→ TO DO
Every record below should be written out exactly; pictures stay out.

→ Dataset excerpts
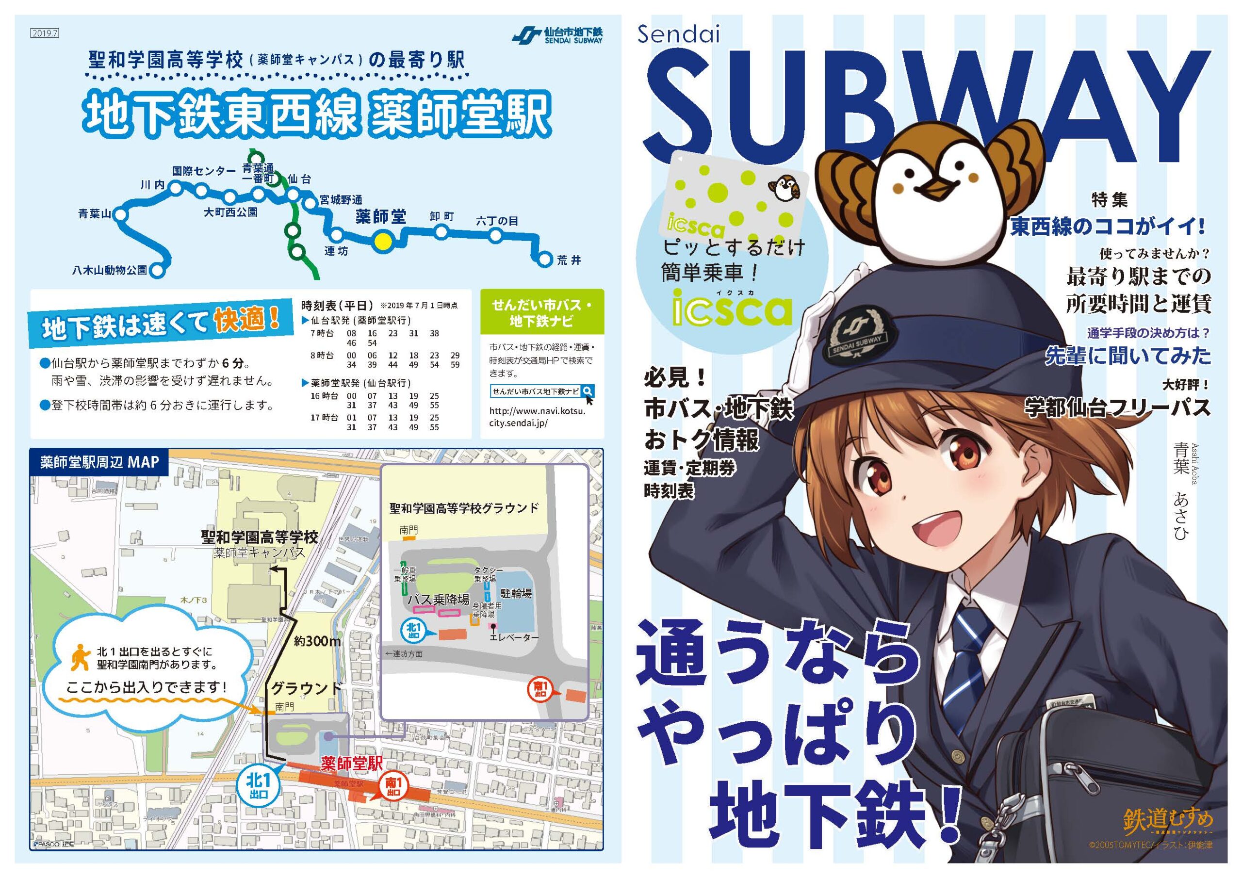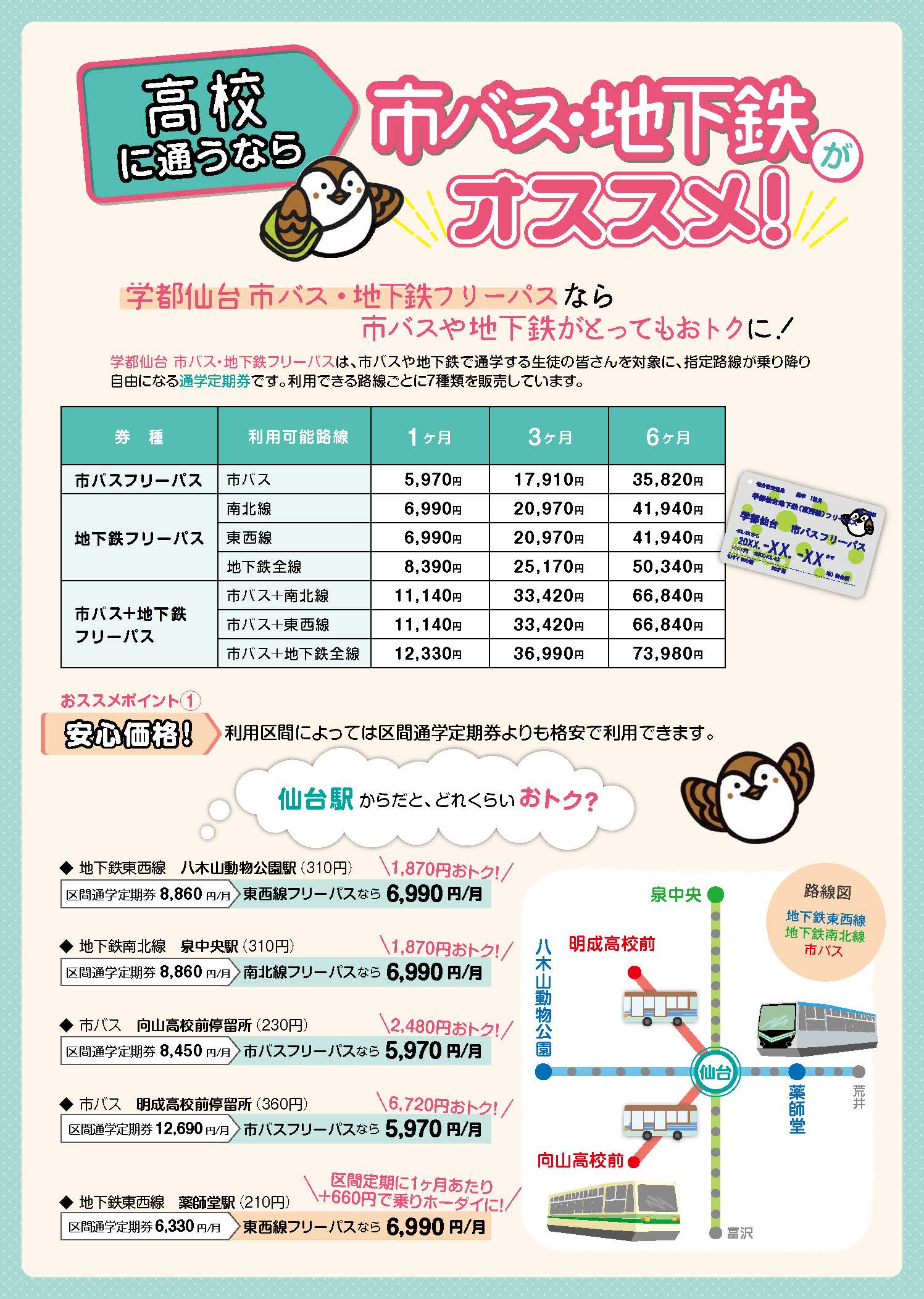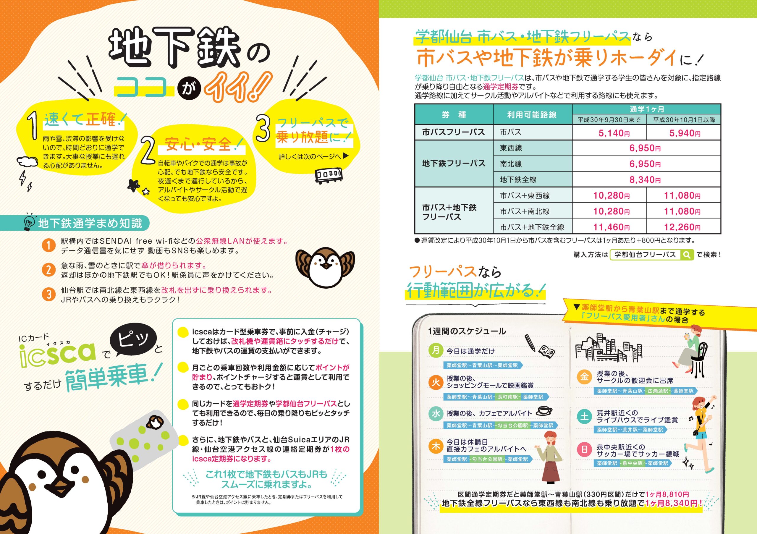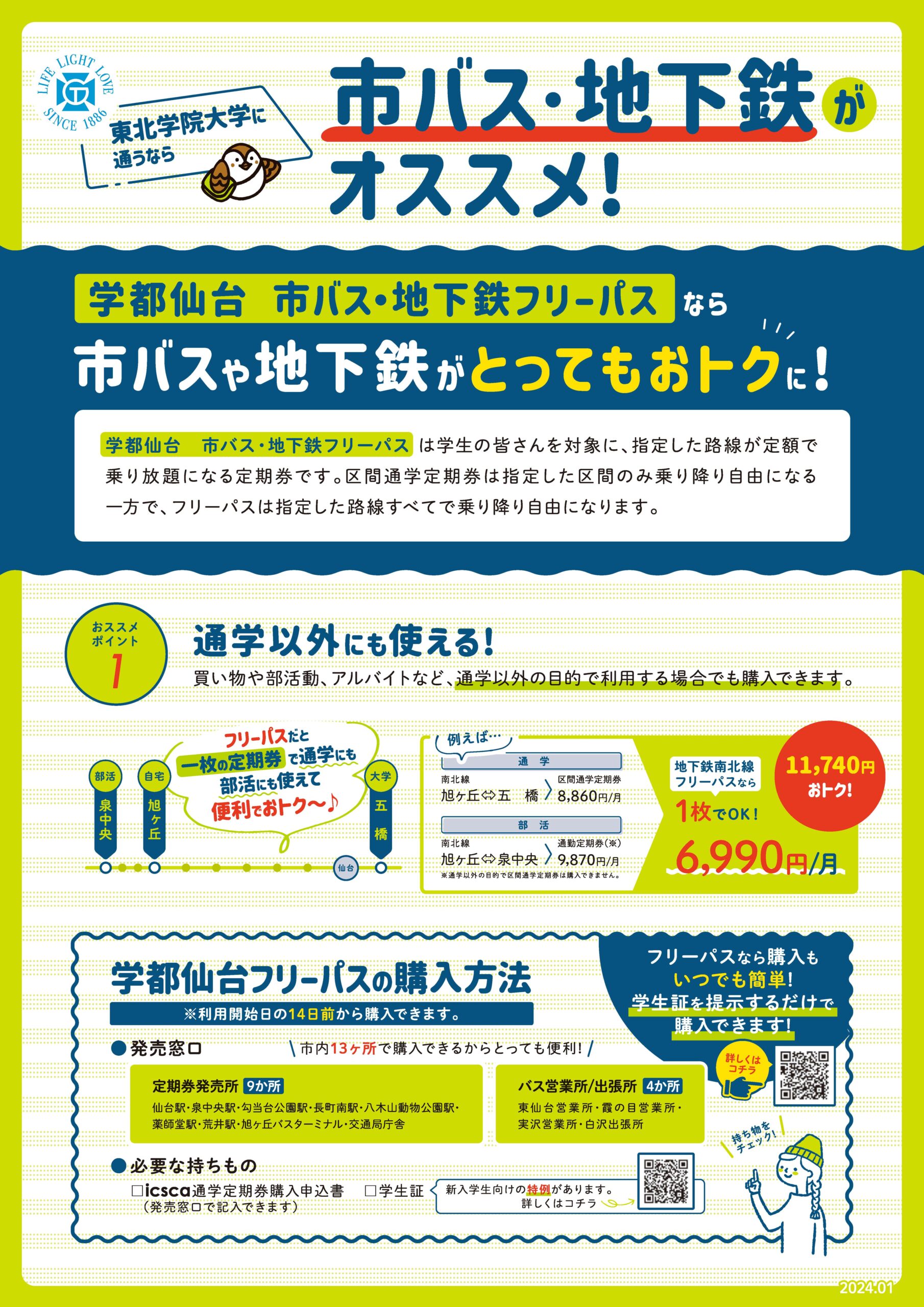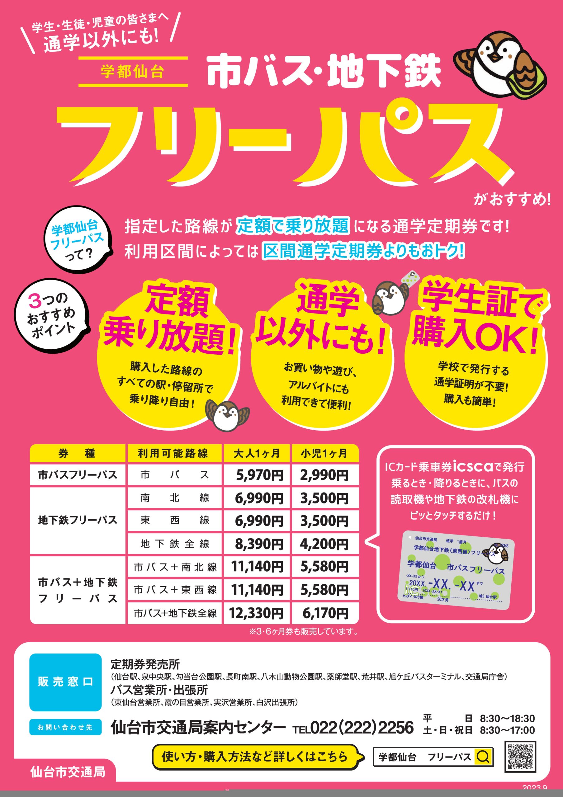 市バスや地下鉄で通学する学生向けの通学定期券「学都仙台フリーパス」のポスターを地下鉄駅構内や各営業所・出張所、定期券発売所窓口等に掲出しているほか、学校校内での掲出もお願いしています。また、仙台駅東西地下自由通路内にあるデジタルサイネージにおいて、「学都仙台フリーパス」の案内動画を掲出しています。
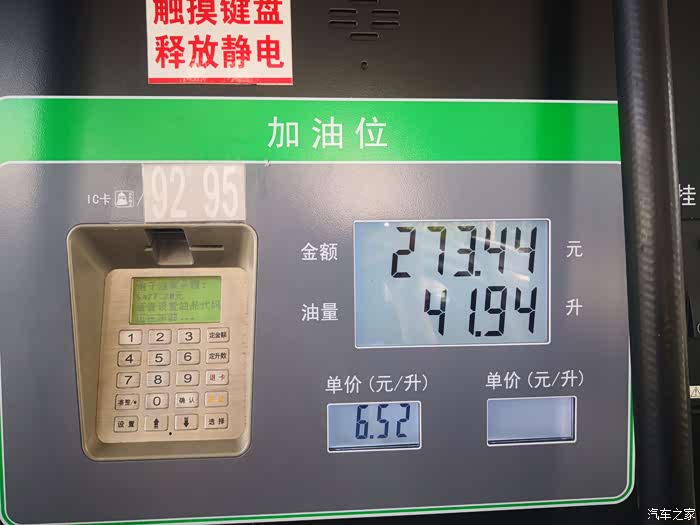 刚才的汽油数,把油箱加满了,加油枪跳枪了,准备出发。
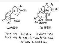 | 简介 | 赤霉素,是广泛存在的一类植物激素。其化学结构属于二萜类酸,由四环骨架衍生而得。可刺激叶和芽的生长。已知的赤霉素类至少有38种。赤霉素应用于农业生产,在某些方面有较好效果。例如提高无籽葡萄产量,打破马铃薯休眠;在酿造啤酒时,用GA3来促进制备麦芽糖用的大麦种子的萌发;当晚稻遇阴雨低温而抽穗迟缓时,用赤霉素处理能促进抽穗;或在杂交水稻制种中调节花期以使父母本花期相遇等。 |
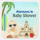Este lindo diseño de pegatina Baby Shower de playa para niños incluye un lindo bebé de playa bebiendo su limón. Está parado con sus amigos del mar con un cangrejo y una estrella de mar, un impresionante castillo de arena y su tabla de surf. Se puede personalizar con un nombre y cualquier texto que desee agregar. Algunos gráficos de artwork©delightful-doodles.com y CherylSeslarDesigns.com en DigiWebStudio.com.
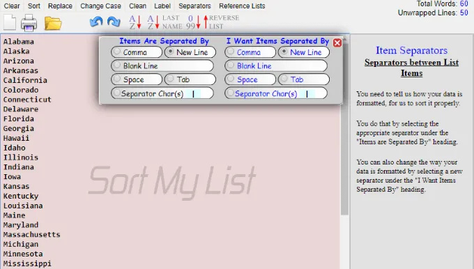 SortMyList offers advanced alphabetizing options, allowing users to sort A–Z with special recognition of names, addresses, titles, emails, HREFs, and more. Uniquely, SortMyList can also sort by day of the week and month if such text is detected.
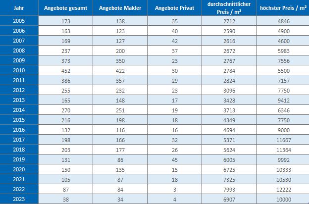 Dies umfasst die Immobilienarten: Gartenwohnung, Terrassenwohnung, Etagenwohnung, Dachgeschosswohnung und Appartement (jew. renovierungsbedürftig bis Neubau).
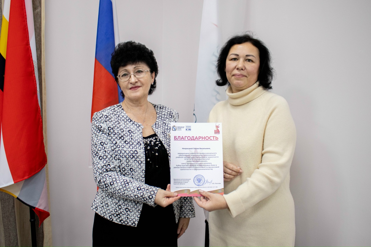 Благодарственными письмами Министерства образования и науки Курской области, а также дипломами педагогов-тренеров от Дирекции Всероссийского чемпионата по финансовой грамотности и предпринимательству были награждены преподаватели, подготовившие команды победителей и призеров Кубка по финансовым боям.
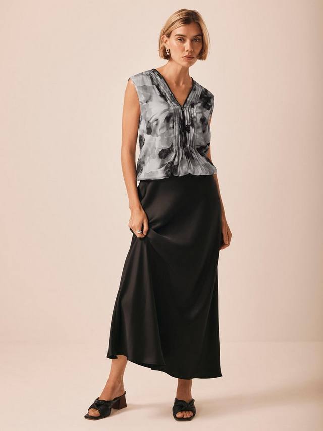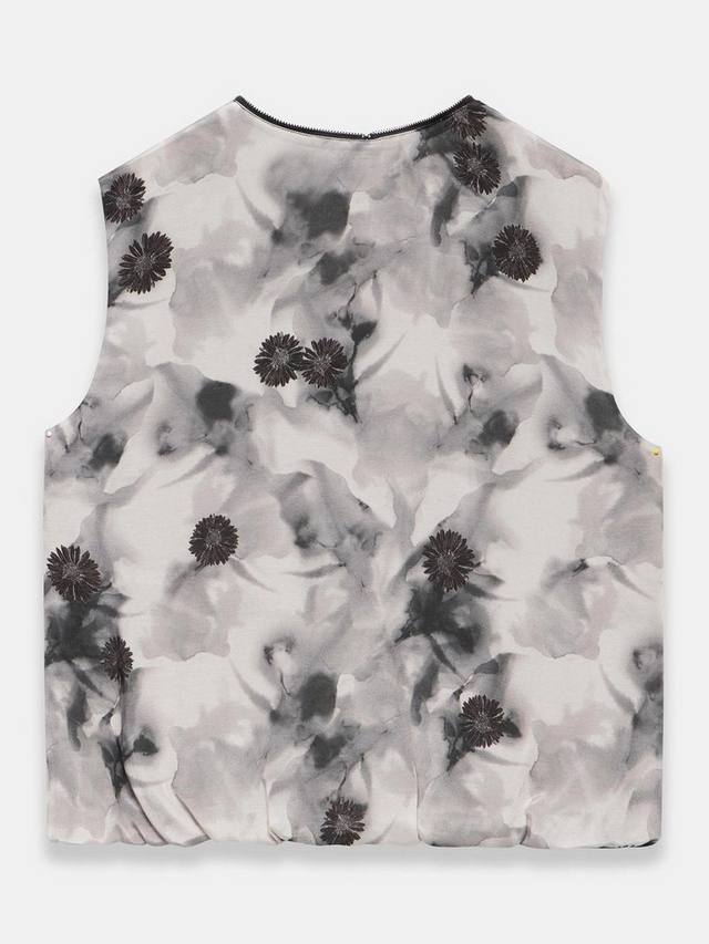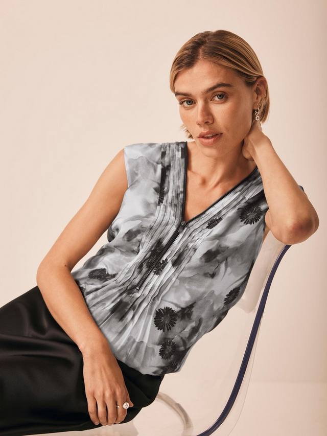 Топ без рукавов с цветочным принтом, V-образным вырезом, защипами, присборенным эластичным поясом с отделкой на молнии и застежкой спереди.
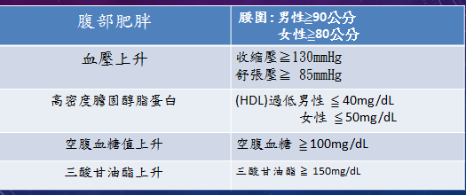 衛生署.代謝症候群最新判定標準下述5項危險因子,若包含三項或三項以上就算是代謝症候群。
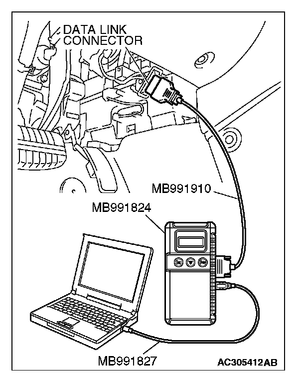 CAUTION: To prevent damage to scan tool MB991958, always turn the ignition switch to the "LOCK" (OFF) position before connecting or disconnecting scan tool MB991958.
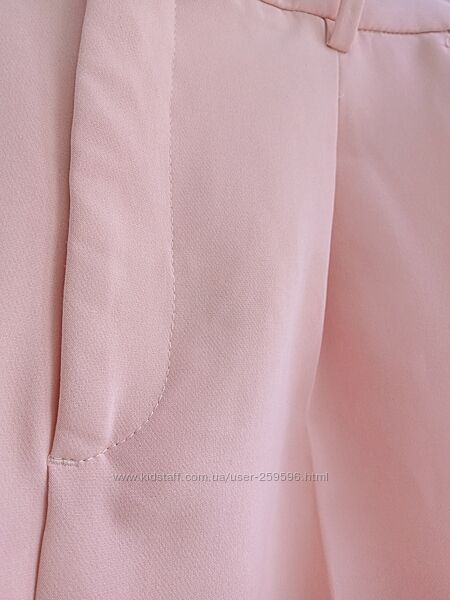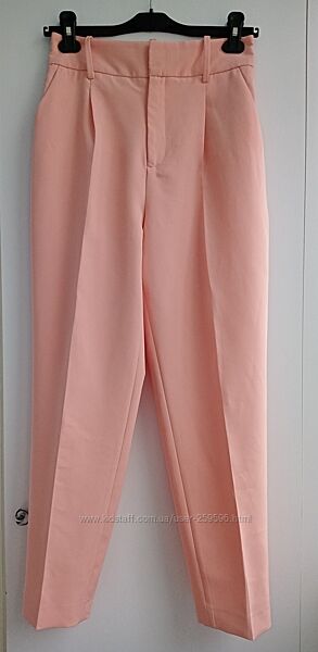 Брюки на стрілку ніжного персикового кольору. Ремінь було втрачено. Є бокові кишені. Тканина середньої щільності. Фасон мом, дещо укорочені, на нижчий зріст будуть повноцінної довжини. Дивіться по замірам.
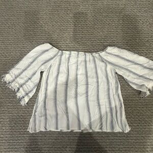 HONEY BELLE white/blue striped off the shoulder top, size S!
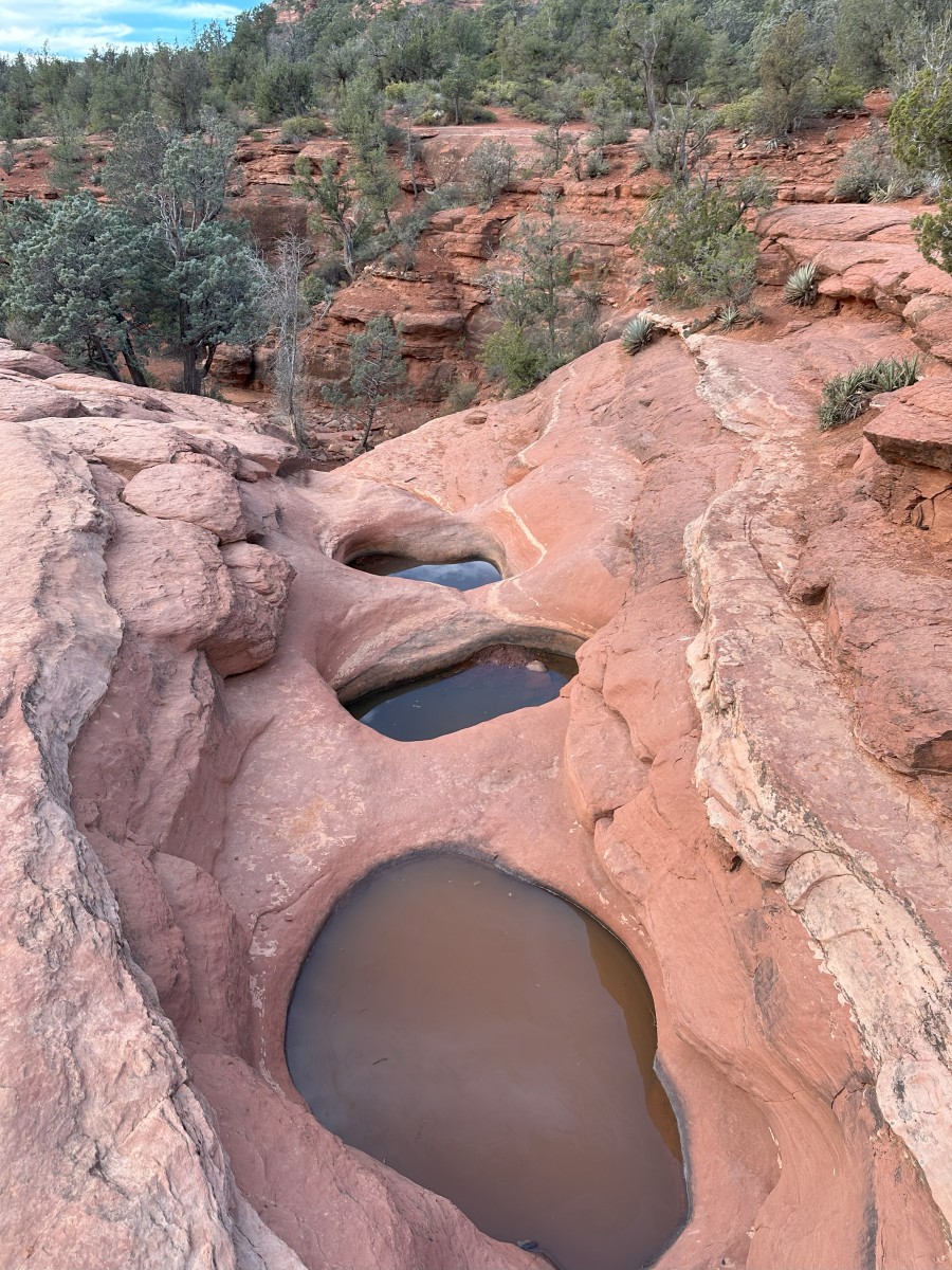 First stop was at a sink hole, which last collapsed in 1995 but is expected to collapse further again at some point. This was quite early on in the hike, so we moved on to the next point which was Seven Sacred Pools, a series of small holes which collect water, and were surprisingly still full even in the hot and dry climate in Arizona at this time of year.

→ SOLUTION FOR THIS TASK
 市バスや地下鉄で通学する学生向けの通学定期券「学都仙台フリーパス」のポスターを地下鉄駅構内や各営業所・出張所、定期券発売所窓口等に掲出しているほか、学校校内での掲出もお願いしています。また、仙台駅東西地下自由通路内にあるデジタルサイネージにおいて、「学都仙台フリーパス」の案内動画を掲出しています。
 刚才的汽油数,把油箱加满了,加油枪跳枪了,准备出发。
 | 简介 | 赤霉素,是广泛存在的一类植物激素。其化学结构属于二萜类酸,由四环骨架衍生而得。可刺激叶和芽的生长。已知的赤霉素类至少有38种。赤霉素应用于农业生产,在某些方面有较好效果。例如提高无籽葡萄产量,打破马铃薯休眠;在酿造啤酒时,用GA3来促进制备麦芽糖用的大麦种子的萌发;当晚稻遇阴雨低温而抽穗迟缓时,用赤霉素处理能促进抽穗;或在杂交水稻制种中调节花期以使父母本花期相遇等。 |
Este lindo diseño de pegatina Baby Shower de playa para niños incluye un lindo bebé de playa bebiendo su limón. Está parado con sus amigos del mar con un cangrejo y una estrella de mar, un impresionante castillo de arena y su tabla de surf. Se puede personalizar con un nombre y cualquier texto que desee agregar. Algunos gráficos de artwork©delightful-doodles.com y CherylSeslarDesigns.com en DigiWebStudio.com.
 SortMyList offers advanced alphabetizing options, allowing users to sort A–Z with special recognition of names, addresses, titles, emails, HREFs, and more. Uniquely, SortMyList can also sort by day of the week and month if such text is detected.
 Dies umfasst die Immobilienarten: Gartenwohnung, Terrassenwohnung, Etagenwohnung, Dachgeschosswohnung und Appartement (jew. renovierungsbedürftig bis Neubau).
 Благодарственными письмами Министерства образования и науки Курской области, а также дипломами педагогов-тренеров от Дирекции Всероссийского чемпионата по финансовой грамотности и предпринимательству были награждены преподаватели, подготовившие команды победителей и призеров Кубка по финансовым боям.
 Топ без рукавов с цветочным принтом, V-образным вырезом, защипами, присборенным эластичным поясом с отделкой на молнии и застежкой спереди.
 衛生署.代謝症候群最新判定標準下述5項危險因子,若包含三項或三項以上就算是代謝症候群。
 CAUTION: To prevent damage to scan tool MB991958, always turn the ignition switch to the "LOCK" (OFF) position before connecting or disconnecting scan tool MB991958.
 Брюки на стрілку ніжного персикового кольору. Ремінь було втрачено. Є бокові кишені. Тканина середньої щільності. Фасон мом, дещо укорочені, на нижчий зріст будуть повноцінної довжини. Дивіться по замірам.
 HONEY BELLE white/blue striped off the shoulder top, size S!
 First stop was at a sink hole, which last collapsed in 1995 but is expected to collapse further again at some point. This was quite early on in the hike, so we moved on to the next point which was Seven Sacred Pools, a series of small holes which collect water, and were surprisingly still full even in the hot and dry climate in Arizona at this time of year.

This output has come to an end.